“For both of us, my sweetheart,” he corrected, fondly. “You say I will be safe there. Can you trust these men who are aiding you?”
“With my life! Quinnox carried a message to the Abbot yesterday, and he grants you a temporary home there, secure and as secret as the tomb. He promises me this, and he is my best friend. Now, let me tell you why I am with you, masquerading so shamefully—”
“Adorably!” he protested.
“It is because the Abbot insisted that I bring you to him personally. He will not receive you except from my hands. There was nothing else for me to do, then, was there, Lorry? I was compelled to come and I could not come as the Princess—as a woman. Discovery would have meant degradation from which I could not have hoped to recover. The military garments were my only safeguard.”
“And how many people know of your—deception?”
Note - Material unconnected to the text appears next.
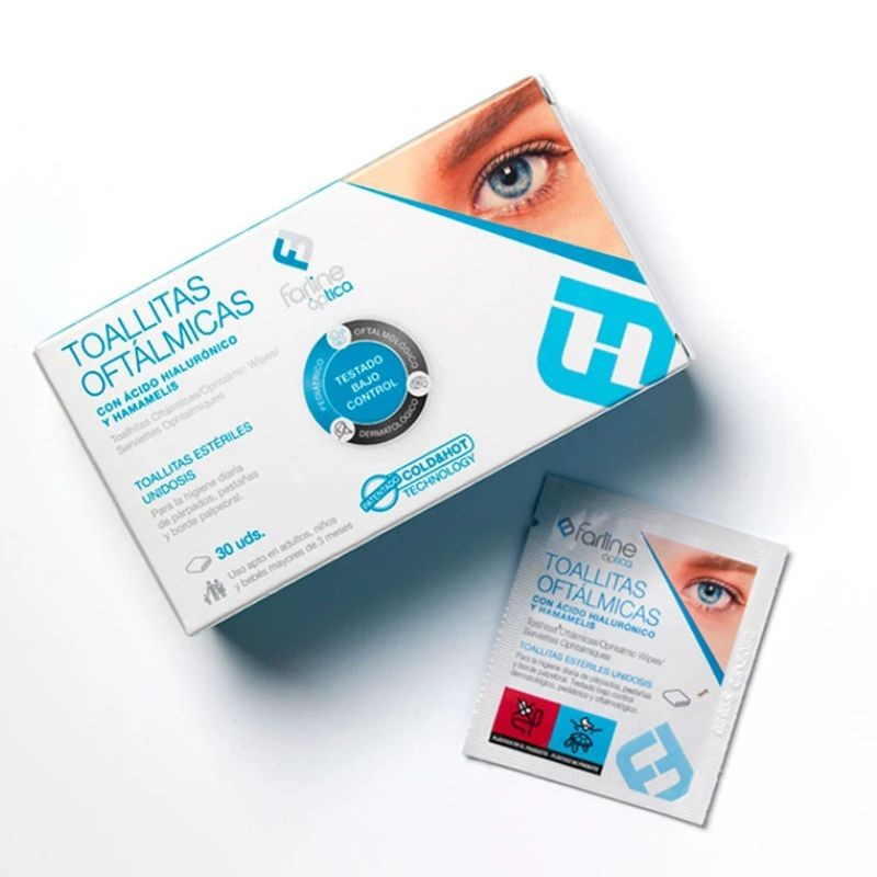 Toallitas oftálmicas estériles para la higiene diaria de párpados, pestañas y borde palpebral.

“Three—besides yourself. Dagmar, Quinnox and Captain Dangloss. The Abbot will know later on, and I shiver as I think of it. The driver and the man who went to your cell, Ogbot, know of the escape, but do not know I am here. Allode—you remember him—is our driver.”
“Allode? He's the fellow who saw me—er—who was in the throne room.”
“He is the man who saw nothing, sir.”
“I remember his obedience,” he said, laughing in spite of his unhappiness. “Am I to have no freedom up here—no liberty, at all?”
“You are to act as the Abbot or the prior instructs. And, I must not forget, Quinnox will visit you occasionally. He will conduct you from the monastery and to the border line at the proper time.”